Exercise directions: Retype, exactly and with both ends included, the lines below from the one containing "13. Using a" through the end; omit the pictures.

Recorded data
....

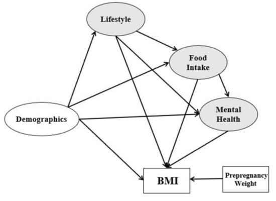 The sociodemographic and economic situation are among the main factors that are significant for postpartum women obesity, which is confirmed from previous studies [22,23,24]. Age, education, income, and job experience are the most familiar variables that research scholars are concerned with. In our study, we considered the combination of them in one latent variable as the primary independent variable. Some researchers have found that physical function, sleep quality, average working hours per day, and smoking habits were affecting postpartum obesity. However, there is a lack of studies related to the impact of the average use of screen time on postpartum obesity. These factors represent their lifestyle. In most previous studies regarding postpartum obesity modelling, the effect of those factors on BMI was considered, separately. The factors are related to each other and could be considered as one of the groups of lifestyle variables and are defined as a latent variable. The indicators of lifestyle latent variable (research variable) depend on the participant’s characteristics. The measurement of the variable is defined based on the postpartum lifestyle.
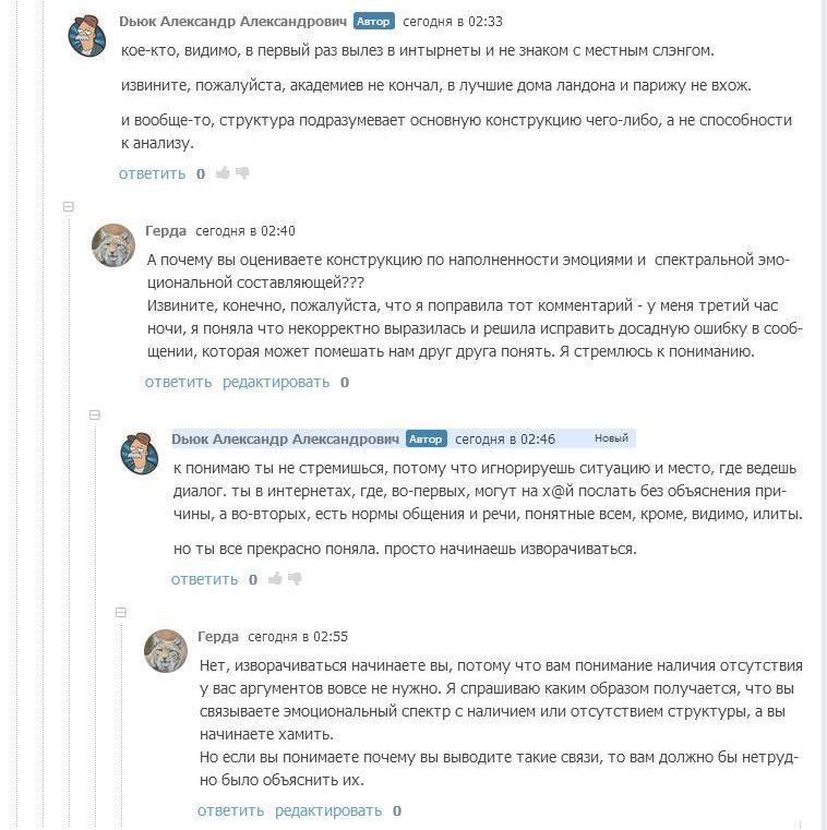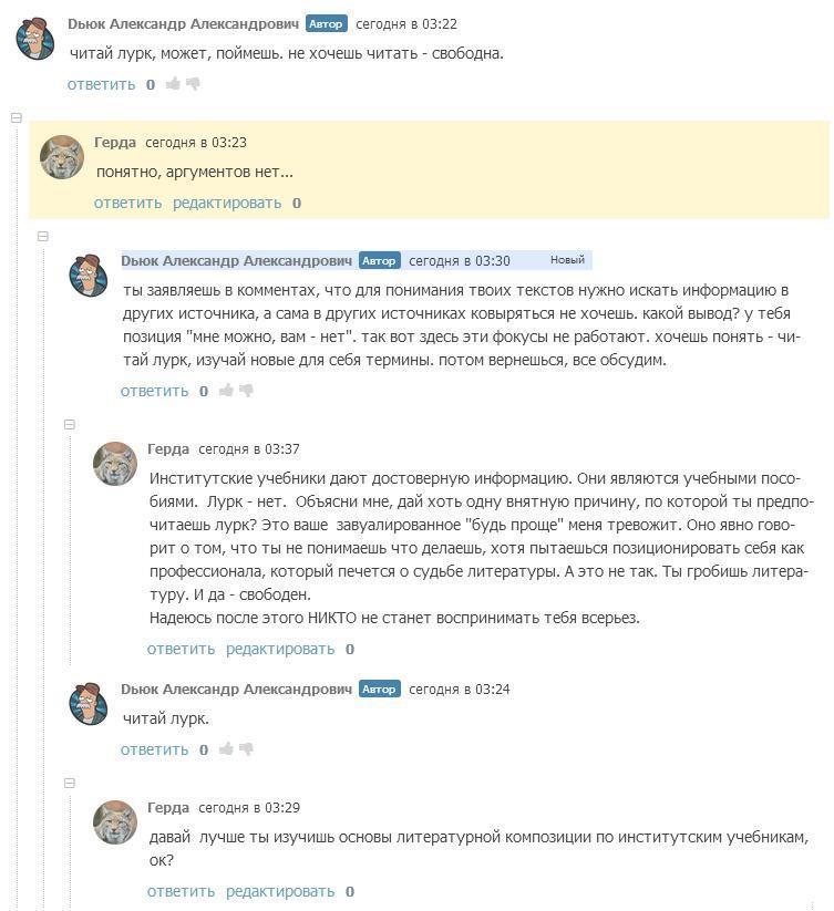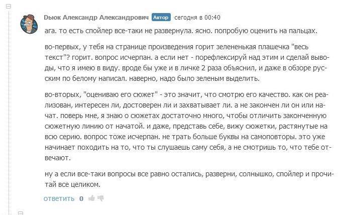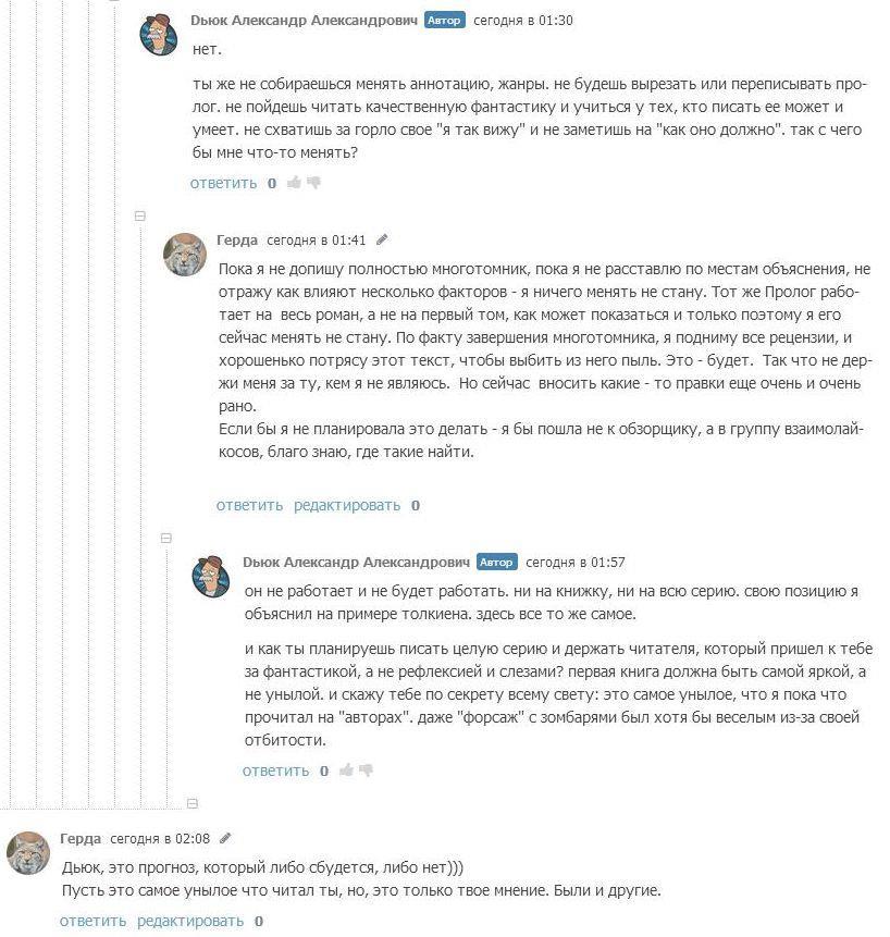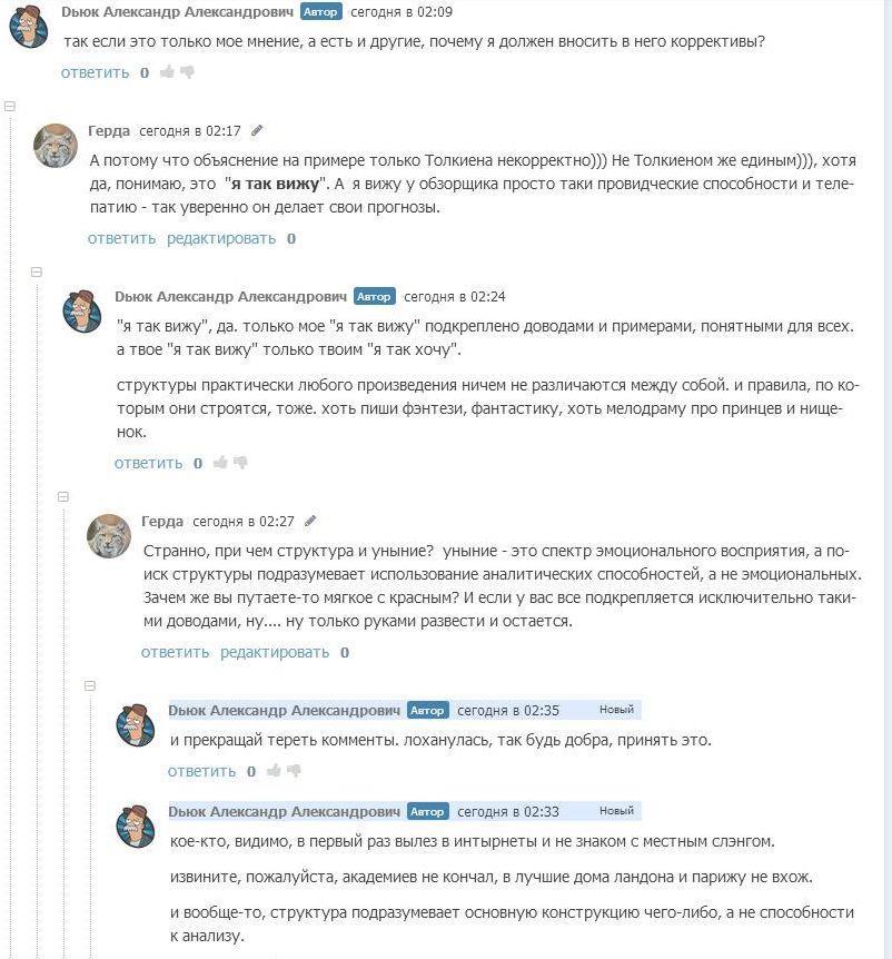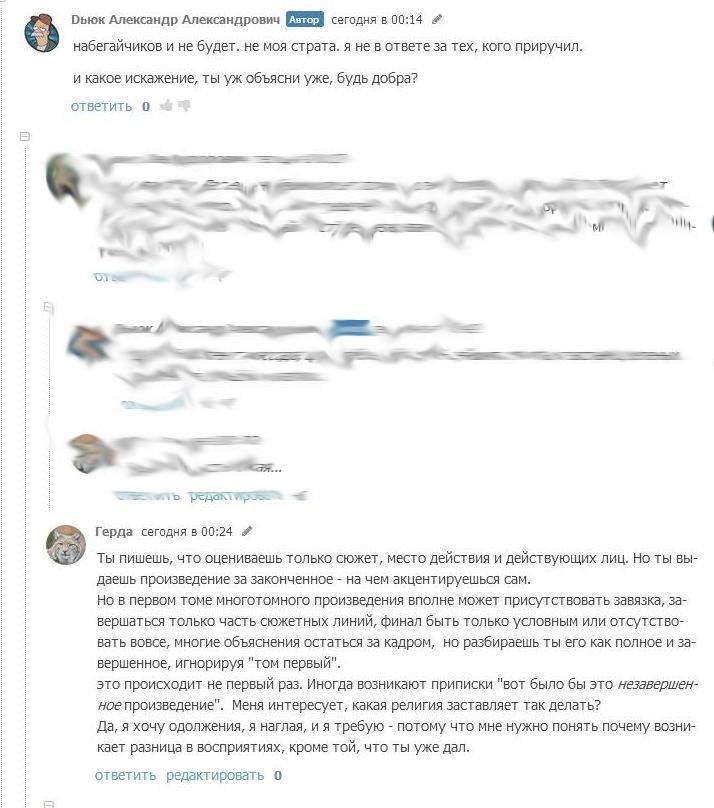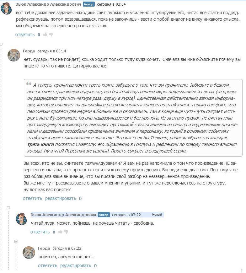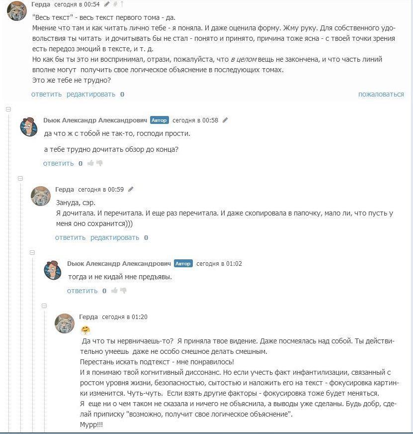 Но так это не работает. Кошка, конечно, та еще кошка, кто ж спорит - мерзкая киса, но кошка по жизни играет в разные игры на своих условиях. Такова жизнь, как только примешь чужие - тебя и съели. Я расценивала и расцениваю данное столкновение как вид литературно - аналитической дуэли. Такую изысканную забаву, подобную охоте на крыс-мутантов или отбившихся от стаи волков. И это - мое право, господа. И заманивать в свои сети невинных доверчивых жертв тоже оставляю за собой право любыми способами. Как мне сказал товарищ Дьюк: "клюнула на возможность разбора - сама виновата". Бедолага не знал, что если клюнул на возможность разобрать данный роман - сам виноват. Мог бы и задуматься что не один использует подобную тактику. Он не знал ничего о кошке? Ну так мог же спросить, весь АТ знает о моей любви к спорам. Не выяснил - ну кто же ему в этом виноват?
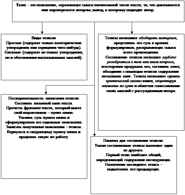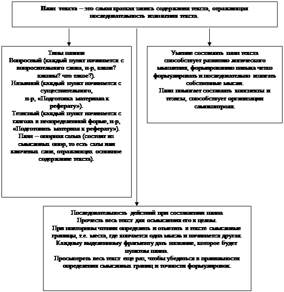 План - это основа текста, он компактно отражает последовательность изложения материала. План, как форма записи обычно значительно более подробно передает содержание частей текста, чем оглавление книги или подзаголовок статей. Удачно составленный план говорит об умении анализировать текст, о степени усвоения его содержания. Обрабатывая план при чтении текста, прежде всего, необходимо стараться определить границы мыслей, следить, чтобы заголовки-пункты плана наиболее полно раскрывали мысли автора.
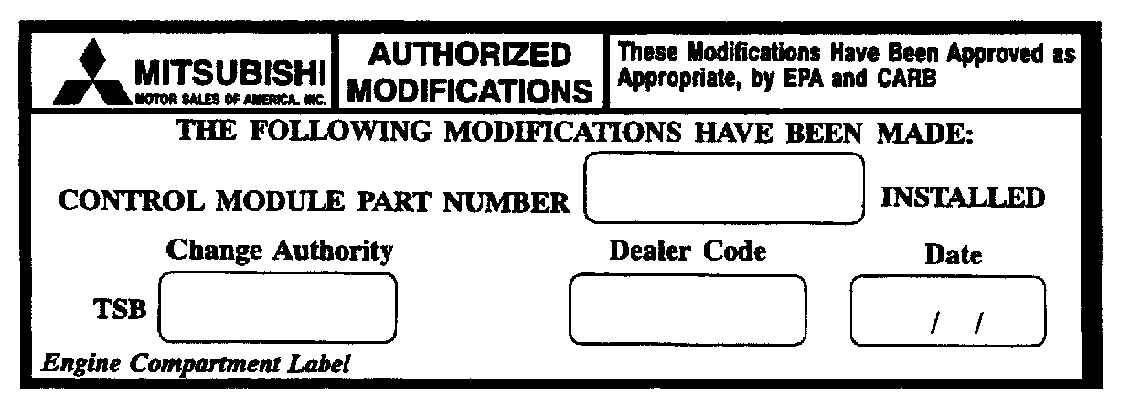 13. Using a ball-point pen, enter the replacement TCU part number, this TSB number (TSB-98-23-003), your dealer code, and the current date on the Engine Compartment Label.
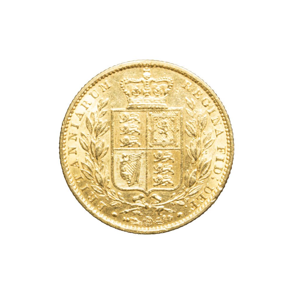 Moeda de ouro original do Reino Unido datada do ano de 1855.

....

Answer section:
 13. Using a ball-point pen, enter the replacement TCU part number, this TSB number (TSB-98-23-003), your dealer code, and the current date on the Engine Compartment Label.
 Moeda de ouro original do Reino Unido datada do ano de 1855.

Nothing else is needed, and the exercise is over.